By differentiating both sides of Eq. (20), we obtain
$$\begin{aligned} Psy^{\prime}(Epi) + Ind^{\prime}(Epi)& = ((Psy^{\prime\prime}(Epi) + Ind^{\prime\prime}(Epi))Ind^{\prime\prime}(Epi))\exp (((Psy^{\prime\prime}(Epi) \\ & \quad + Ind^{\prime\prime}(Epi))Ind^{\prime\prime}(Epi))Epi) = ((Psy^{\prime\prime}(Epi) \\ & \quad + Ind^{\prime\prime}(Epi))Ind^{\prime\prime}(Epi))(\exp (Epi))^{{((Psy^{\prime\prime}(Epi) + Ind^{\prime\prime}(Epi))Ind^{\prime\prime}(Epi))}} . \\ \end{aligned}$$
(21)
Then, we take the logarithm on both sides of Eq. (21), and we obtain
$$\begin{aligned} \ln (Psy^{\prime}(Epi) + Ind^{\prime}(Epi)) &= \ln (((Psy^{\prime\prime}(Epi) + Ind^{\prime\prime}(Epi))Ind^{\prime\prime}(Epi)) \\ & \quad + ((Psy^{\prime\prime}(Epi) + Ind^{\prime\prime}(Epi))Ind^{\prime\prime}(Epi))Epi. \\ \end{aligned}$$
(22)
Now, if we substitute Eq. (22) into Eq. (9), we obtain:
$$\begin{aligned} \ln \left( {\frac{{\mathop P\limits^{ \bullet } }}{P}} \right) & = \ln (f^{\prime}(Fund,Psy,Ind)) - \ln (P) + \ln (((Psy^{\prime\prime}(Epi) + Ind^{\prime\prime}(Epi))Ind^{\prime\prime}(Epi)) \\ & \quad + ((Psy^{\prime\prime}(Epi) + Ind^{\prime\prime}(Epi))Ind^{\prime\prime}(Epi))Epi + \ln (\mathop {Epi}\limits^{ \bullet } ). \\ \end{aligned}$$
(23)
Finally, by rearranging the terms, we obtain:
$$\begin{aligned} \ln \left( {\frac{{\mathop P\limits^{ \bullet } }}{P}} \right) & = \ln (f^{\prime}(Fund,Psy,Ind)((Psy^{\prime\prime}(Epi) + Ind^{\prime\prime}(Epi))Ind^{\prime\prime}(Epi)) \\ & \quad - \ln (P) + ((Psy^{\prime\prime}(Epi) + Ind^{\prime\prime}(Epi))Ind^{\prime\prime}(Epi))Epi + \ln (\mathop {Epi}\limits^{ \bullet } ). \\ \end{aligned}$$
(24)
The constant term in the regression is:
\(\ln (f^{\prime}(Fund,Psy,Ind)((Psy^{\prime\prime}(Epi) + Ind^{\prime\prime}(Epi))Ind^{\prime\prime}(Epi))\), and the estimation coefficient for Epi is \(((Psy^{\prime\prime}(Epi) + Ind^{\prime\prime}(Epi))Ind^{\prime\prime}(Epi))\), which is easy to understand and has a meaningful economic interpretation.

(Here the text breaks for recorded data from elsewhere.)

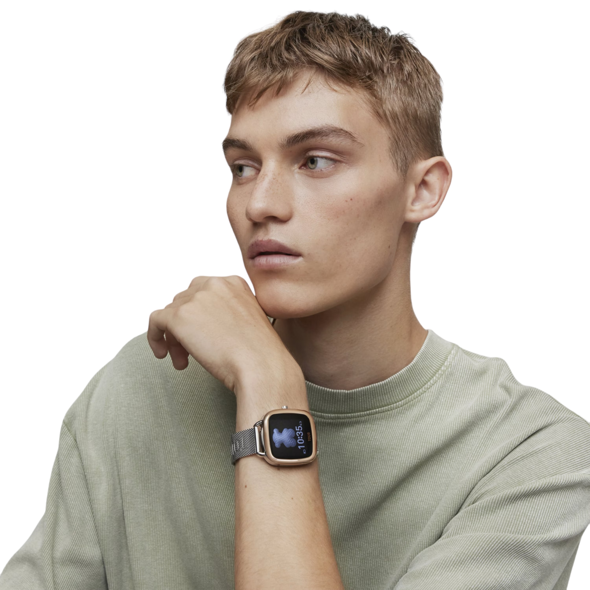 Reloj Rond Connect de Acero IP Dorado Correa Mesh Negra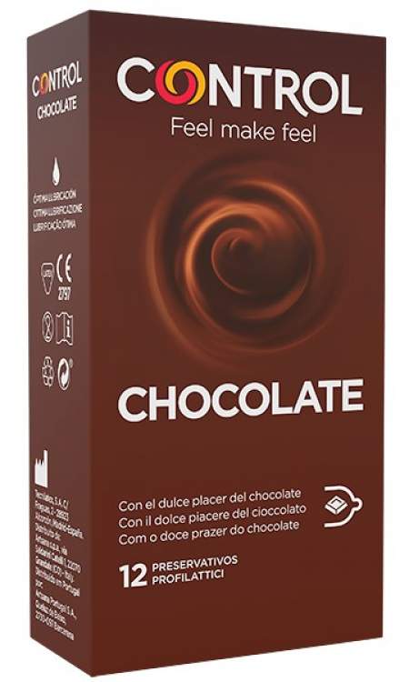 Control Chocolate é dedicado a quem, nos momentos de intimidade, quer despertar todos os cinco sentidos. Graças ao aroma de chocolate, oferece à relação um sabor intenso e delicioso. Preservativos em látex natural de cor castanha, forma anatómica, 19cm de comprimento, 5,4cm de largura e 0,007cm de espessura.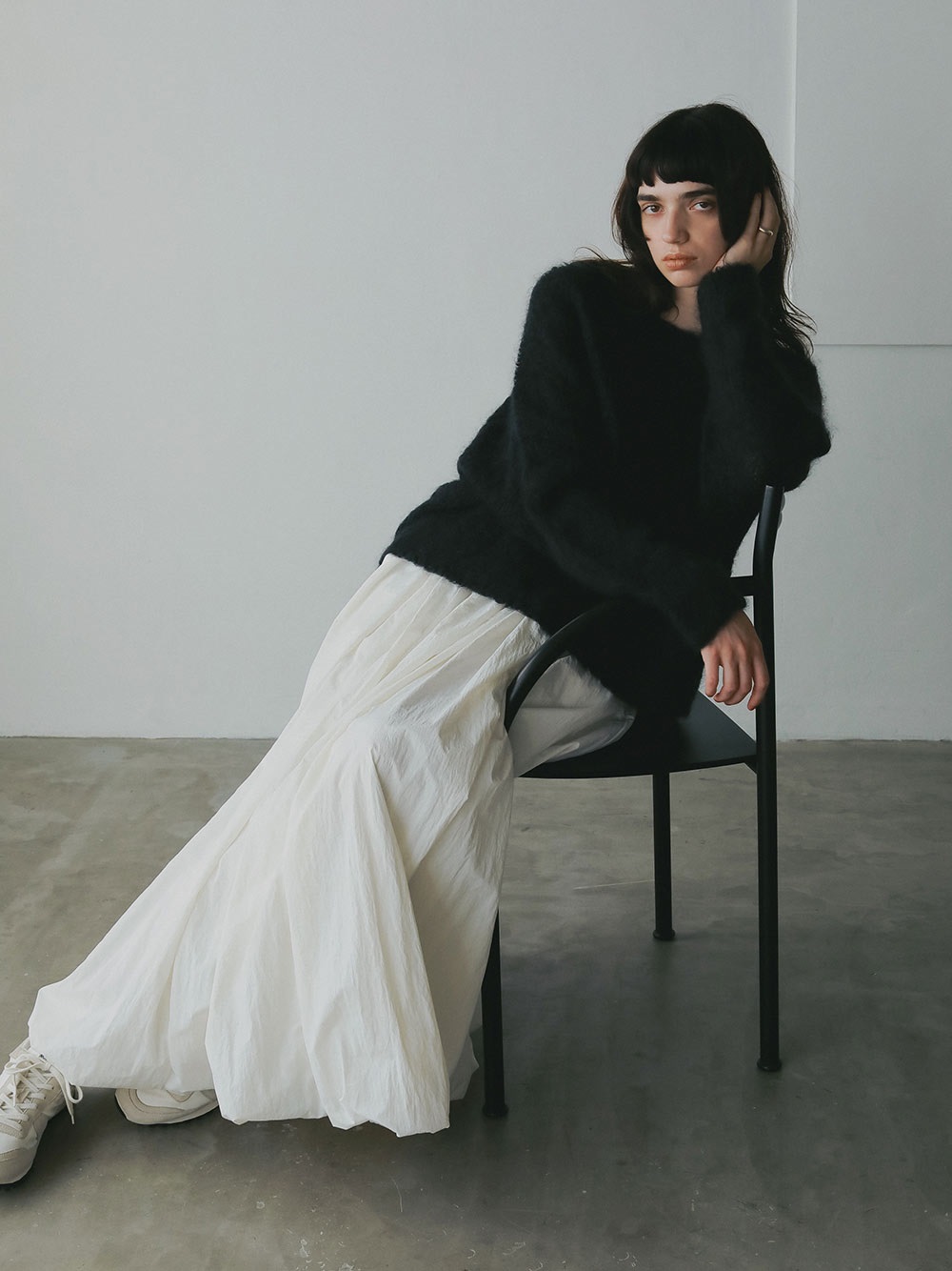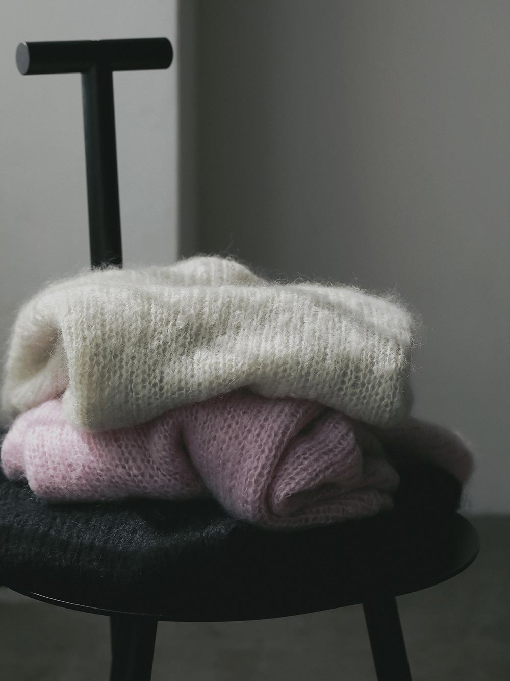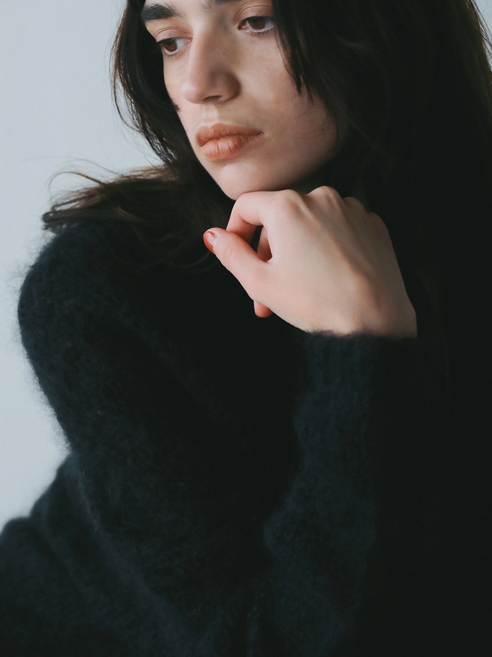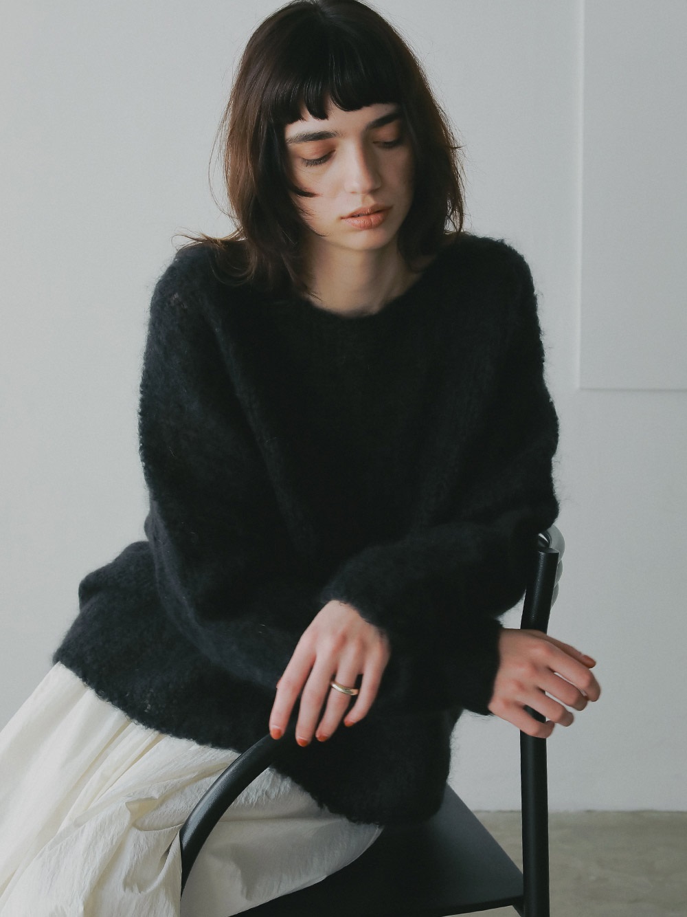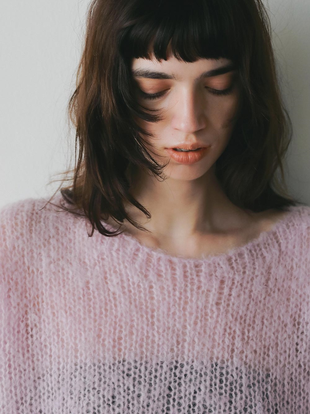 昨年から好評のモヘア高混率の風合いが美しいニットプルオーバー。通常のモヘアよりも1本1本が柔らかいキッドモヘアが86%使用された糸で編み上げた贅沢な1枚。メッシュ編みなので見た目以上に軽く、真冬の手前から着用できます。飽きのこないベーシック1枚だからこそサイジングや細かな仕様にこだわり、着用するほど良さを感じていただけます。ヨコに広めのリラックスしたシルエットは身体から離れる大人っぽい1枚。甘すぎない青みピンクカラーなど使いやすい色展開もポイント

Moreover, to use the logarithm of real-world data in which some of the numerical values for the rate of change are negative, we multiply both sides of Eq. (24) by 2 and obtain:
$$\begin{aligned} 2\ln \left( {\frac{{\mathop P\limits^{ \bullet } }}{P}} \right) & = 2\ln (f^{\prime}(Fund,Psy,Ind)((Psy^{\prime\prime}(Epi)+ Ind^{\prime\prime}(Epi))Ind^{\prime\prime}(Epi)) \\ & \quad - 2\ln (P) + 2((Psy^{\prime\prime}(Epi) + Ind^{\prime\prime}(Epi))Ind^{\prime\prime}(Epi))Epi + 2\ln (\mathop {Epi}\limits^{ \bullet } ). \\ \end{aligned}$$
(25)
which is,
$$\begin{aligned} \ln \left( {\left( {\frac{{\mathop P\limits^{ \bullet } }}{P}} \right)^{2} } \right) & = 2\ln (f^{\prime}(Fund,Psy,Ind)((Psy^{\prime\prime}(Epi) + Ind^{\prime\prime}(Epi))Ind^{\prime\prime}(Epi)) \\ & \quad - \ln (P^{2} ) + 2((Psy^{\prime\prime}(Epi) + Ind^{\prime\prime}(Epi))Ind^{\prime\prime}(Epi))Epi + \ln ((\mathop {Epi}\limits^{ \bullet } )^{2} ). \\ \end{aligned}$$
(26)
Equation (26) suggests the combined use of the quadratic form of certain variables with the log form. This is the final expression that we obtain theoretically, which has meaningful practical empirical implications.